Сегодня, против обыкновения, много промышляло при базаре мелкого зла. Нет – нет да и мелькнёт чернильный клубок. Заспорили продавец с покупателем, в цене не сошлись. Уже забыли давно, из-за какой мелочи спор. Оба красные, жилы вспухли, кровь к голове прилила, того и гляди удар хватит. Кричат, надсаживаются, друг другу бороды заплевали, успокоиться не могут. А всё потому, что сидит между ними мелкий шкода и пьёт, пьёт, пьёт их силу, что в страсти и ругань уходит. Наслаждается, жирует, чуть не лоснится с довольства. Тут и наступает работа легионера. Тихо подойдя, спрятавшись между секундами, Ивай ударил заговоренным оружием – и назад, пока никто не заметил. Шкода неслышно крякнул, хрюкнул и разлетелся невидимыми брызгами.

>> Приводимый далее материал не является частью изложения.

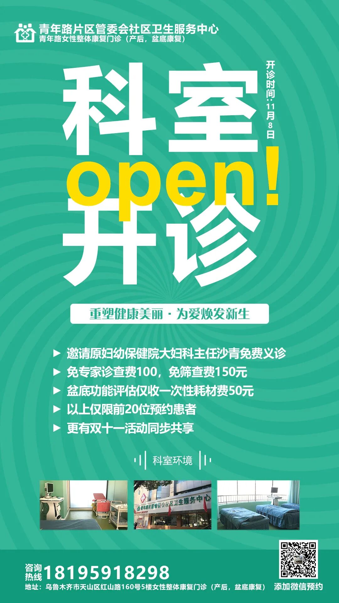 值得一提的是,青年路社区卫生服务中心产后康复科正处开诊活动,期间上述双十一优惠可与开诊优惠叠加!

– Так ты говоришь, уважаемый – полушку сбросить? – продавцу вдруг приходит в голову, что спорить-то не о чем, время куда дороже прибытку.
Неплохо бы, почтенный, – покупатель утирает вспотевшее лицо. Ему самому уже неловко, что из-за чепухи надрывался. «И что на меня нашло?» – думает он, расплачиваясь и укладывая покупки в торбу. «И что нашло на меня?» – недоумевает торговец, принимая и пересчитывая монеты: «Бес попутал, не иначе».
А легионеры уже идут дальше, обходя большой базар. Форма Легиона заметна издали, легионеры уважаемы в народе, поэтому перед Иваем и Тимофеном очищается узенький коридорчик в бурлящей толпе. Несколько шагов вперёд, осмотреться, еще несколько шагов вперёд… Черная клякса! Подход – удар – отход. Всё, как учил наставник Тимофен. Наверное, он доволен? Ивай оглядывается: Тимофен дышит тяжело, шагает трудно, опираясь на посох. Простое дело – перед приемом в Легион испытать ученика, да получается непросто. Будто со всей округи собрались шкоды у подножия Торгового холма. «Неужто поветрие?» – бормочет про себя Тимофен, утирая пот. Так бывает, люди ни сном – ни духом, но поветрие уже близко, уже точит и грызет изнутри. Шкоды чуют грядущие беды, слезы и смерть, собираются толпой. Не до испытания тут, не до обычных наставнических каверз. Ивай справляется пока, идёт без напряжения, будто прогуливается, не больше. «Ишь, как управляется! Хороший будет легионер», – размышляет Тимофен. – «Если поветрие переживет».
– Не спеши, Ивай! – бросает он. – Неспроста это всё. Пошли-ка перекусим. Заодно и подумаем.
Ивай и не думает возражать. Жарковато что-то, передохнуть в холодке кто же откажется?
– Как прикажешь, наставник Тимофен, – соглашается он, указывая рукой. – А вот и харчевня!
Во всех странах и во все времена проповедники говорят одно и то же. Темы проповедей меняются, но слова остаются прежними. О любви и ненависти, о горе и счастье, о своих и чужих. В конце концов, в проповеди не то важно – про что, как – важнее. Слушают тебя люди или проходят мимо, занятые мелкими своими делишками. Странник говорить умел. Расположившись чуть выше базара, среди невесть как занесенных на склон холма валунов, он перекусил нехитрой снедью, найденной в дорожной котомке, и скоро уже спрашивал о чем-то случайного прохожего. Поговорил прохожий со странником – и остался. Потом еще и еще. Когда же собралось у валунов десятка два любопытных, странник заговорил.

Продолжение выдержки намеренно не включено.